WASHINGTON, D.C. — The Advanced Television Systems Committee, Inc. (ATSC) has elevated its specification for Mobile Digital Television to Candidate Standard status. The new Mobile DTV Candidate Standard provides the technical capabilities necessary for broadcasters’ to provide new services to mobile and handheld devices using their digital television transmissions. ATSC Mobile DTV includes a highly robust transmission system based on vestigial sideband (VSB) modulation coupled with a flexible and extensible IP based transport, efficient MPEG AVC (H.264) video and HE AAC v2 audio (ISO/IEC 14496-3) coding.

In addition to live television, the ATSC Mobile DTV Candidate Standard provides a flexible Application Framework for running software on receivers. Receivers that make use of an optional internet connection will enable new interactive television services, ranging from simple audience voting to the integration of internet-based applications and transactions with television content. The Candidate Standard also enables broadcasters to deploy new “data broadcasting” services such as providing real-time navigation data for in-vehicle use and providing news and sports highlights for “on-demand” use by consumers.

The ATSC Mobile DTV Candidate Standard describes methodology for new services to be carried in digital broadcast channels along with current DTV services without any adverse impact on legacy receiving equipment. The Candidate Standard stage of ATSC standards development is an explicit call for implementation and technical feedback. ATSC Candidate Standards are available at www.atsc.org.

“ATSC Mobile DTV will allow broadcasters to leverage the wireless and local nature of their DTV transmission” said ATSC President Mark Richer. “Broadcasters will be able to provide new compelling services to consumers utilizing a wide array of wireless receiving devices including mobile phones, small handheld TVs, laptop computers and in-vehicle entertainment systems. Many of these devices will utilize existing ubiquitous technologies to provide a return channel for true interactive applications”.

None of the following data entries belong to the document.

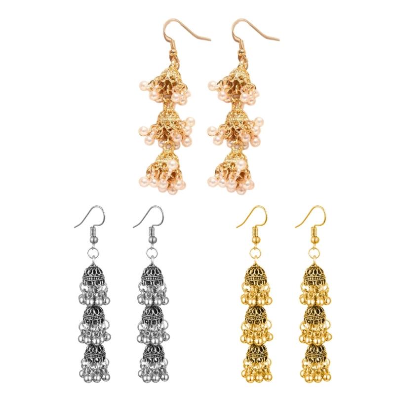 Embraces bohemian stylish with these three layer hollow bells tassels earrings, featuring intricate ethnic designs and lightweight tassels that sways gracefully to make you stand out in any crowd.
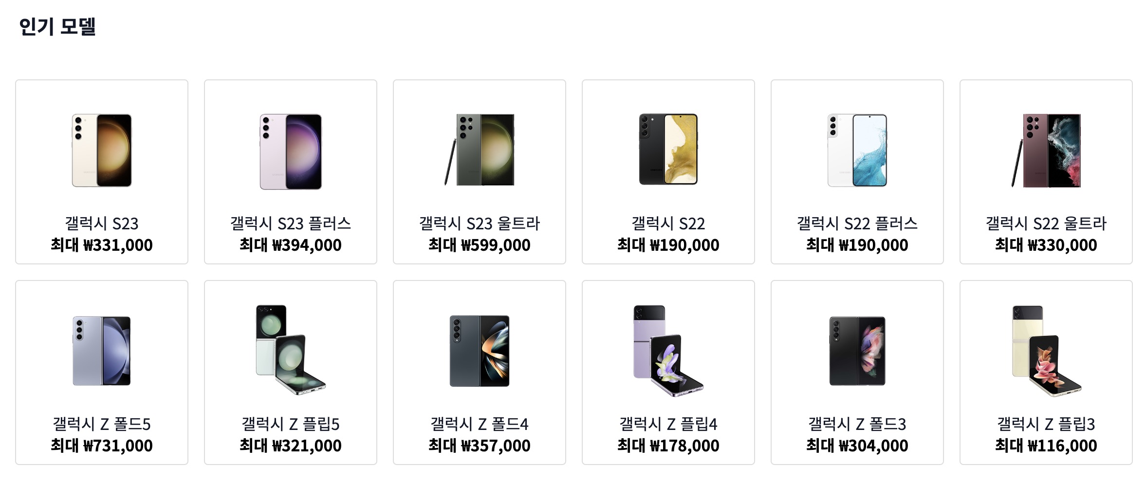 그리고 간편 보상을 이용하실 수 있는 디바이스는 현재 국내 출시된 갤럭시 스마트폰에 한정이며 갤럭시 S시리즈(FE 포함) S23, S22, S21, S20 시리즈 및 갤럭시 Z시리즈 폴드5, 플립5, 폴드4, 플립4, 폴드3, 플립3 모델을 매입하고 있습니다.
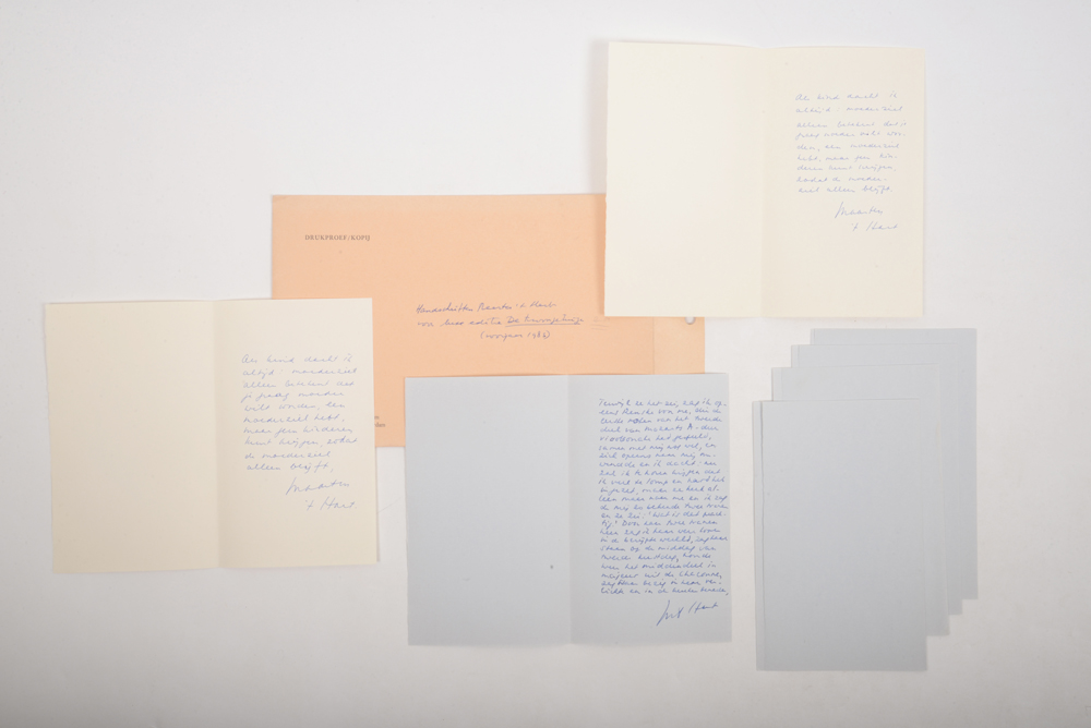 all written on individual pages, else of blank bifolia of laid paper, signed "Maarten 't Hart" (2x, white paper) and "M 't Hart" (5x, blue paper), unfolded ca. 19.4 x 24 cm., loose in envelope of B.V. Uitgeverijen Amsterdam.
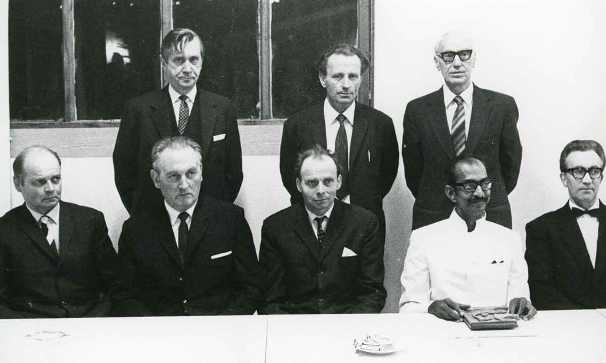 Hópur 8 manna stilla sér upp fyrir myndatöku við borð, þrír standa í bakgrunni, fimm sitja við borðið. Á bakvið mennina er ljós veggur með fjórföldum dekkri glugga.

“The combination of live television and interactive capabilities on mobile and handheld devices is an essential element for the future success of over the air digital television,” said Glenn Reitmeier, Chairman of the ATSC Board of Directors. “Our efforts to develop ATSC Mobile DTV are a part of a strategy to provide the broadcast industry with the technical ability to deliver content to consumers on the move”. Mr. Reitmeier added, “The architecture of the Candidate Standard will make terrestrial broadcasting an important segment of the internet”.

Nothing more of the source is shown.